**What the task asks**
Scan the records below for the line with "Fantastisk flott spisebord" and the line with "巴布豆女童休闲套装2025新款中大童秋装两件套儿童卫衣阔腿牛仔裤", and retype that range exactly, both ends included, pictures excepted.

**Given information**

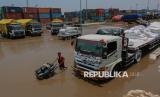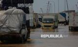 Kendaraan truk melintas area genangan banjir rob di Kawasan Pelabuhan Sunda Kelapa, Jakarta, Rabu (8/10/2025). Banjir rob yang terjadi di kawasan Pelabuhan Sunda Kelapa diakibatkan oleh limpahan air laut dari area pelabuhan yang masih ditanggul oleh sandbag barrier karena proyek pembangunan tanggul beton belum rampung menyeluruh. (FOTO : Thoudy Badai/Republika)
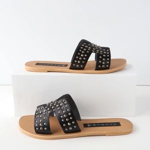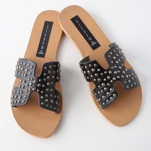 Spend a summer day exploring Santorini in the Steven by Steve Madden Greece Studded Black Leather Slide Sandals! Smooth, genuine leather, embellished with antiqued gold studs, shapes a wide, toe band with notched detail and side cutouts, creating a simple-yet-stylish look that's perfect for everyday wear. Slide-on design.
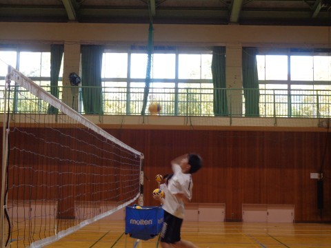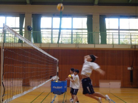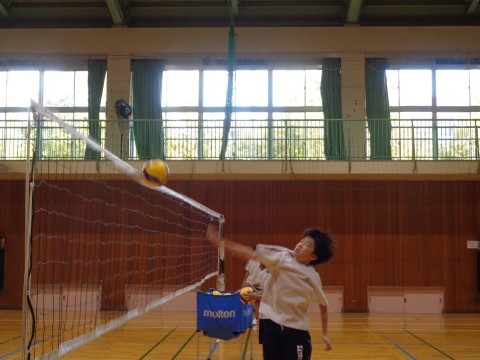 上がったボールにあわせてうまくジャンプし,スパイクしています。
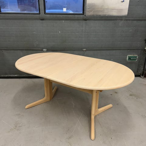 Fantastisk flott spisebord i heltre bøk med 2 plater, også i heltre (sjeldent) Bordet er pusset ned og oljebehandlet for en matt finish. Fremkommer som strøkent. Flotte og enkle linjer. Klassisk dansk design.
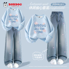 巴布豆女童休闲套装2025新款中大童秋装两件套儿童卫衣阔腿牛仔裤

--

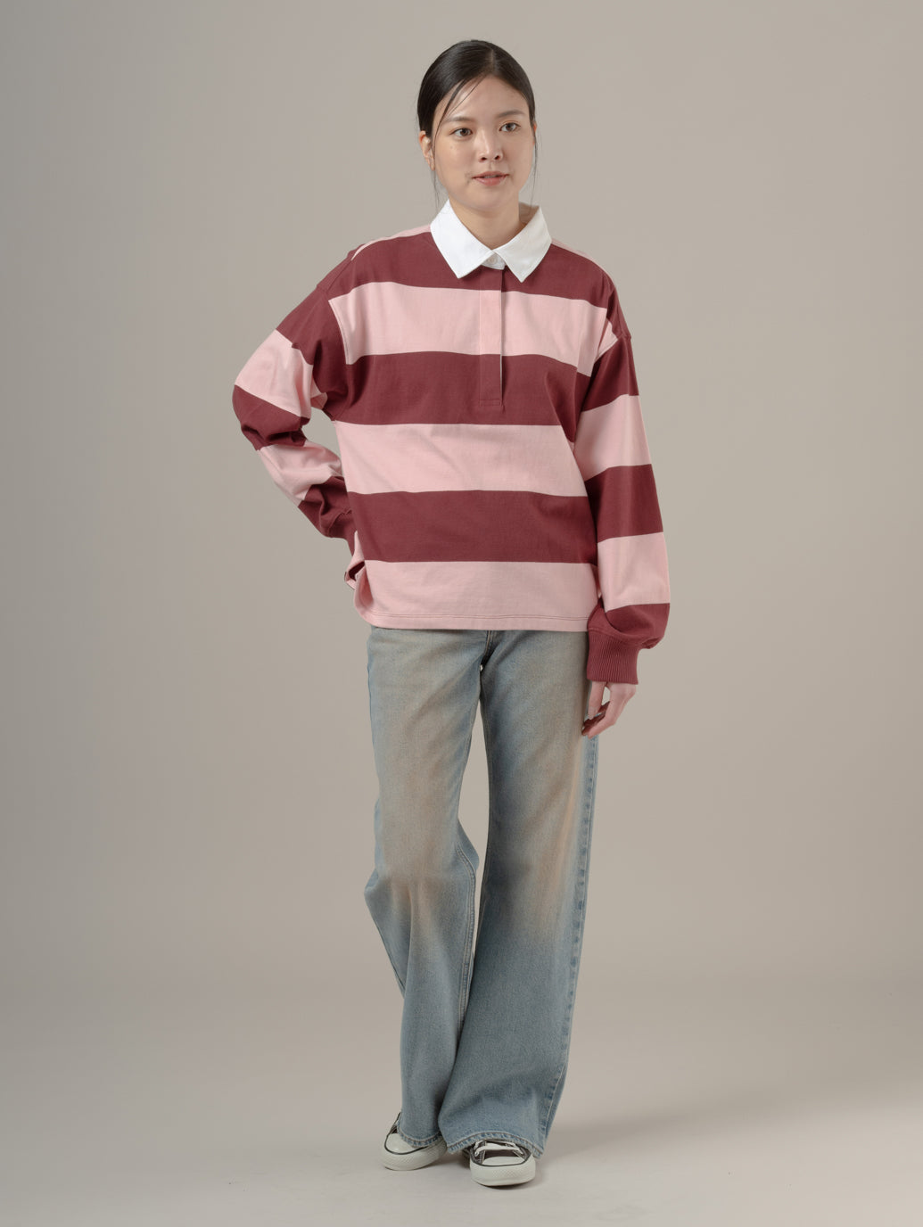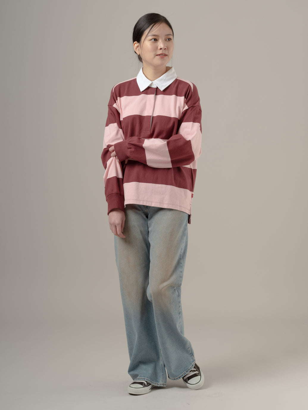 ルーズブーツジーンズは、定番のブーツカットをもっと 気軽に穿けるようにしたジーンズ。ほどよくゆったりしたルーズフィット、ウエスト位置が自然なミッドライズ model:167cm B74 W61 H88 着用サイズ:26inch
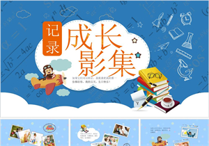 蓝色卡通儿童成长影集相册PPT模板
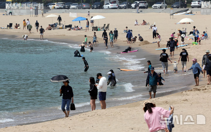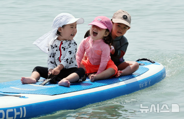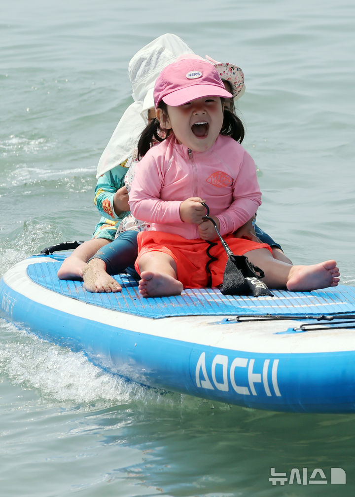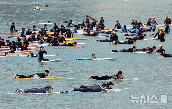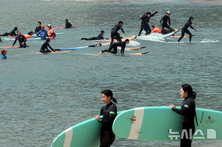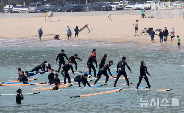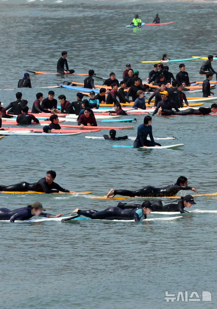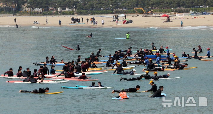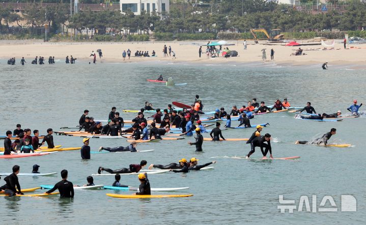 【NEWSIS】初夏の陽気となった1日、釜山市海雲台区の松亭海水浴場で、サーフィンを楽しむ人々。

**Response**
 Fantastisk flott spisebord i heltre bøk med 2 plater, også i heltre (sjeldent) Bordet er pusset ned og oljebehandlet for en matt finish. Fremkommer som strøkent. Flotte og enkle linjer. Klassisk dansk design.
 巴布豆女童休闲套装2025新款中大童秋装两件套儿童卫衣阔腿牛仔裤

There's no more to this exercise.